_PROVIDED MATERIAL_.
------------------------------

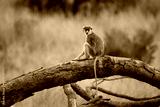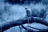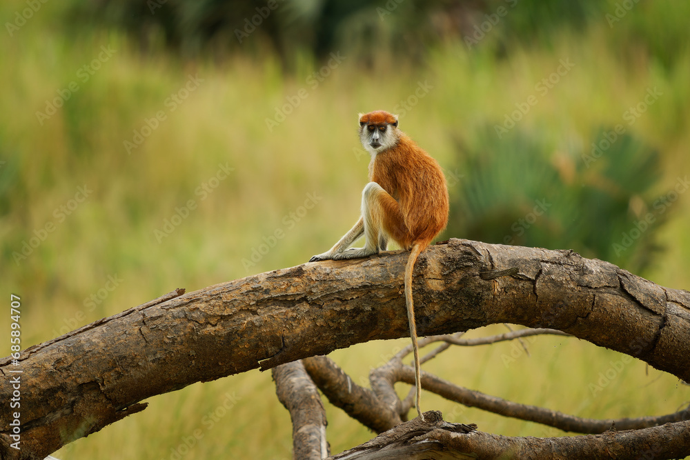 Common patas monkey - Erythrocebus patas also hussar monkey, ground-dwelling monkey distributed in the West and East Africa, stand and guard on the tree, feed on the ground
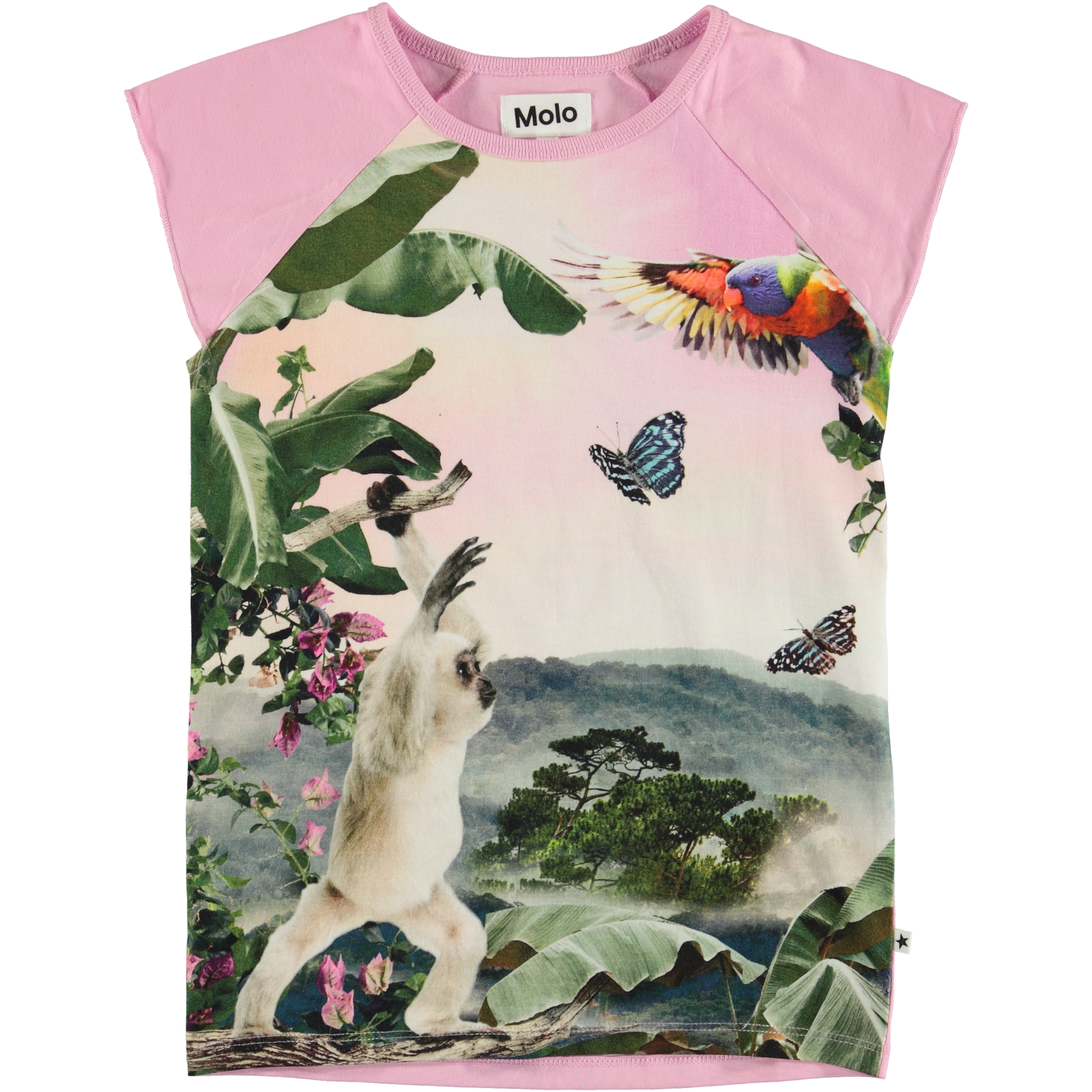 The Rosetta t-shirt shows a haze that's drifting over the Amazon, with birds and butterflies flying above the head of a monkey. Rosetta is a light purple, cotton t-shirt with short sleeves.
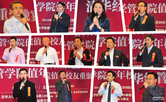 经1987级校友曲家浩(中国再保险(集团)股份有限公司资产管理部总经理)回忆起18年前从清华毕业时,学院的老师和同学在大礼堂为他举办的毕业个人演唱会。他把人生比作一场足球比赛,对于同窗学友而言,现在正是上半场结束、下半场开始的时候。“我们非常享受上半场的过程,同时期待下半场会更加精彩。”他祝福老师们健康长寿,学院培育更多人才,校友之间更加团结、协作。

------------------------------

_PROBLEM_. What is needed here is an exact transcript of the data above, pictures excluded.

_SOLUTION TO THIS PROBLEM_.
 Common patas monkey - Erythrocebus patas also hussar monkey, ground-dwelling monkey distributed in the West and East Africa, stand and guard on the tree, feed on the ground
 The Rosetta t-shirt shows a haze that's drifting over the Amazon, with birds and butterflies flying above the head of a monkey. Rosetta is a light purple, cotton t-shirt with short sleeves.
 经1987级校友曲家浩(中国再保险(集团)股份有限公司资产管理部总经理)回忆起18年前从清华毕业时,学院的老师和同学在大礼堂为他举办的毕业个人演唱会。他把人生比作一场足球比赛,对于同窗学友而言,现在正是上半场结束、下半场开始的时候。“我们非常享受上半场的过程,同时期待下半场会更加精彩。”他祝福老师们健康长寿,学院培育更多人才,校友之间更加团结、协作。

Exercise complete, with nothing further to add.